Atatürk'ün yayınlanmamış aile mektupları
Atatürk’ün aramızdan ayrılmasının 81. yıldönümü münasebeti ile bugün onunla alâkalı üç adet belge yayınlıyorum.
Bu belgeler Ankara’da, Cumhurbaşkanlığı Arşivi’nde muhafaza ediliyorlar…
İlk iki belge, 1922 tarihli ve Başkumandan Mustafa Kemal Paşa’nın Konya’dan o sırada Ankara’da bulunan annesi Zübeyde Hanıma gönderdiği bir telgraf ile Zübeyde Hanım’ın cevabî telgrafı…
Üçüncü belge ise, Atatürk’ün teyzesinin kızı olduğunu söyleyen Fatma isimli bir hanımın 1936 Mayıs’ında Atatürk’e yazdığı, maddî sıkıntı çektiğini ve “dünya gözü ile onu görmek istediğini” söylediği mektup…
Mustafa Kemal Paşa, 17 Ağustos’ta Ankara’dan gizli olarak Konya’ya gitmiş, ertesi gün Akşehir ilçesine geçmiş, buradaki karargâhta diğer kumandanlarla taarruz plânı üzerinde çalışmış, 21 Ağustos’ta Konya’ya dönmüş, derken yeniden Akşehir’e gitmiş ve başkomutanlık karargâhının sonraki günlerde Şuhut’a, Şuhut’tan da Kocatepe’ye nakledilmesinin ardından 26 Ağustos’ta taarruz başlamış, 30 Ağustos’ta da büyük zafer kazanılmıştı.
Paşa, taarruzdan beş gün önce, 21 Ağustos 1922’de, Garp Cephesi Karargâhı’ndan o sırada Ankara’da bulunan annesi Zübeyde Hanım’a “Riyâset Kalem-i Mahsus Müdürlüğü”, yani Millet Meclisi Özel Kalem Müdürlüğü vasıtası ile bir telgraf göndermişti…
Mustafa Kemal Paşa büyük taarruz öncesi hazırlıkları tamamlamak maksadıyla yaptığı seyahatin sebebini gizli tuttuğu için seyahat hakkında annesine bile başka bir gerekçe gösteriyor, Konya’ya “İsmet Paşa Hazretleri ile görüşmek için” gittiğini ve “âfiyette olduğunu” söylüyordu.
Askerî kanaldan gönderilen telgraf şifreli idi ve Zübeyde Hanım’a şifre Meclis’te çözüldükten sonra verildi.
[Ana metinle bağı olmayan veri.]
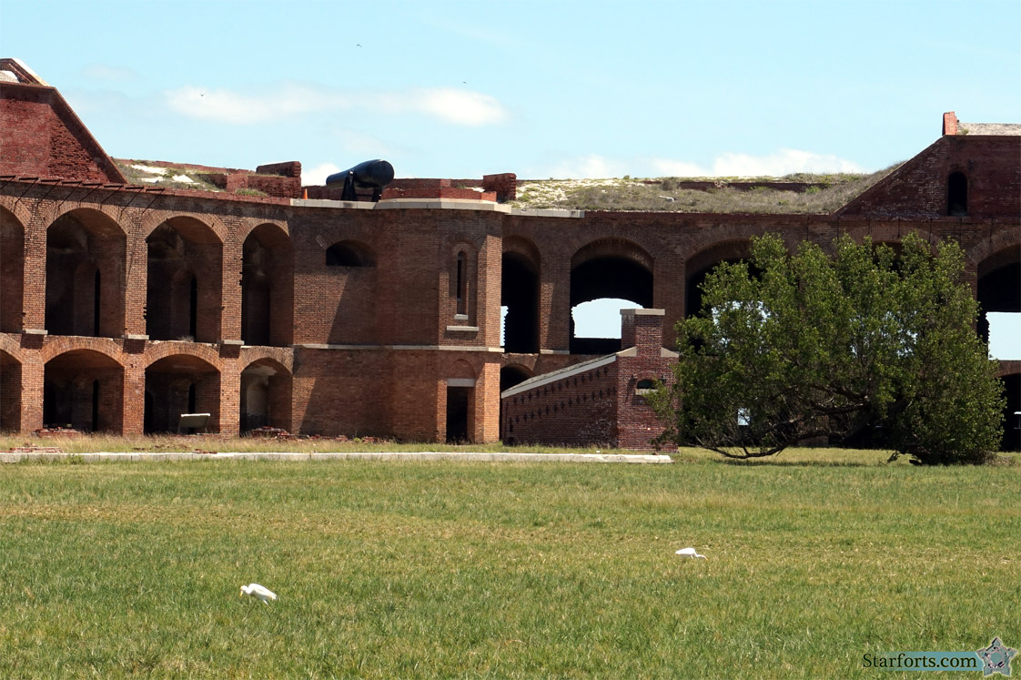 Across the parade ground to the fort's north, we catch our first glimpse of Fort Jefferson's hot shot furnace! As well as the fort's predominant life form, which was those white birdies in the grass. I was most definitely looking forward to visiting with the hot shot furnace, but I was in no hurry to get to it.

Mustafa Kemal Paşa, telgrafında zarif bir Türkçe ile şöyle diyordu:
“Muhterem validem hanımefendiye,
Fuad ve Hayati Beyler’den sıhhat ve âfiyetiniz hakkında aldığım mâlûmattan fevkalâde memnun oldum. Hamdolsun ben de âfiyetteyim. Dün, İsmet Paşa Hazretleri ile görüşmek üzere Konya’dan Akşehir’e geldim. Kemâl-i hürmetle ellerinizden öper, Fikriye Hanım’a selâm-ı mahsus ederim. Her zaman devâm-ı âfiyetinizi cenâb-ı haktan niyâz eylerim.
Başkumandan
Mustafa Kemal”
Paşa’nın annesine gönderdiği telgrafta Fikriye Hanım’a da selâm söylemesi herhalde dikkatinizi çekmiştir!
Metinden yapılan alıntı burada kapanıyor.